▸ **Work task**: Look at the data below and print exactly the lines from its first line through the line with "Het perceel waarop"; the pictures stay out of the copy.

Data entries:
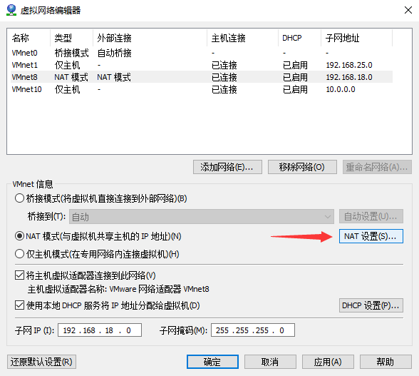 选择 NET模式(VMnet8),点击 NAT设置
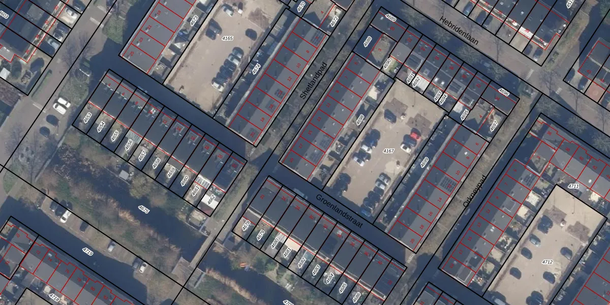 Het perceel waarop Shetlandpad 17 staat heeft een oppervlakte van 746 m². Dit is een groot perceel. De perceeloppervlakte wordt geregistreerd door het Kadaster. Gedetailleerde informatie over de maten van dit perceel kunt u vinden in het rapport Kadastrale kaart met maatvoering van Shetlandpad 17.
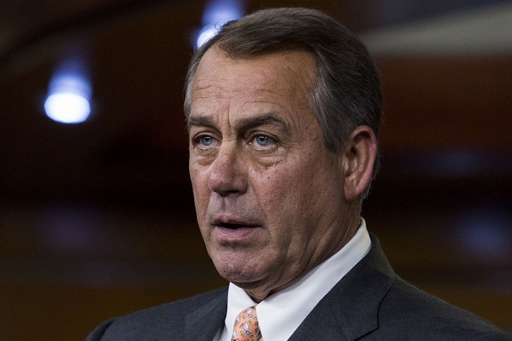 Three and half months later, House Republicans are set to use that exact budget gimmick as a spending offset to an infrastructure bill—and Boehner’s not complaining this time around.
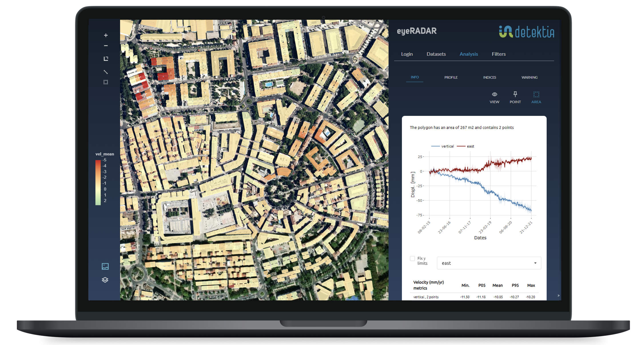 Detektia generates structural health metrics and alerts of building deformation based on satellite radar tech (InSAR) and Machine Learning. These InSAR-derived structural health metrics and alerts are integrated into into the digital twin of the cities or historical centers and will help answer important questions that will have a very positive impact on the management of areas with invaluable historical significance. Questions such as: Which historical buildings, areas, or infrastructures have experienced or are currently experiencing unexpected deformation? Are there stability issues in certain areas or buildings within the city? Which buildings specifically? What is the magnitude of the problem? Which buildings or infrastructures need intervention with the highest priority? When did this anomaly occur? Is the deformation related to a weather event (precipitation), an urban construction project…? What has been the exact impact of an urban construction project (such as tunneling or any underground work) on the surrounding buildings and infrastructure?
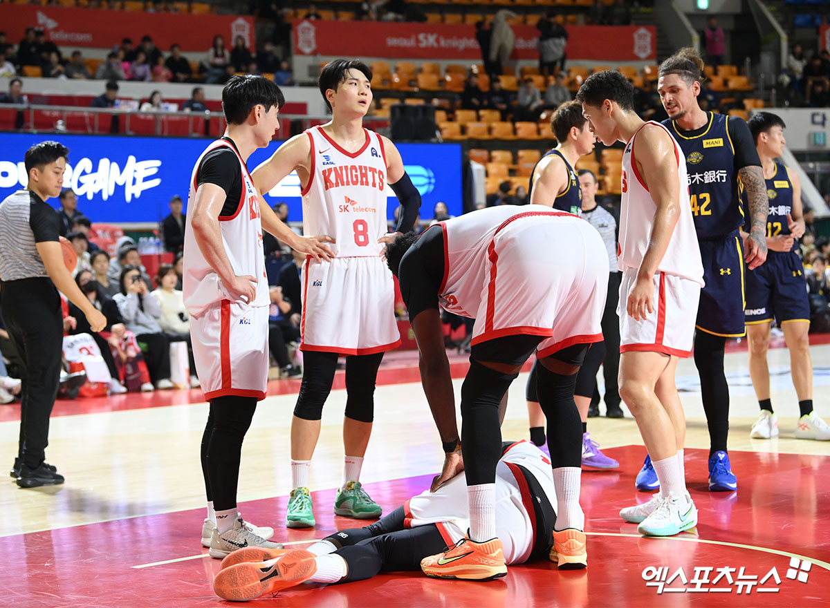 (엑스포츠뉴스 잠실학생체, 고아라 기자) 17일 오후 서울 잠실학생체육관에서 ‘2025-2026 동아시아 슈퍼리그(EASL)’ 서울 SK 나이츠와 일본 우츠노미야 브렉스의 경기, SK 워니가 몸으로 떨어져 코트에서 일어나지 못하고 있다.

▸ **Task answer**:
 选择 NET模式(VMnet8),点击 NAT设置
 Het perceel waarop Shetlandpad 17 staat heeft een oppervlakte van 746 m². Dit is een groot perceel. De perceeloppervlakte wordt geregistreerd door het Kadaster. Gedetailleerde informatie over de maten van dit perceel kunt u vinden in het rapport Kadastrale kaart met maatvoering van Shetlandpad 17.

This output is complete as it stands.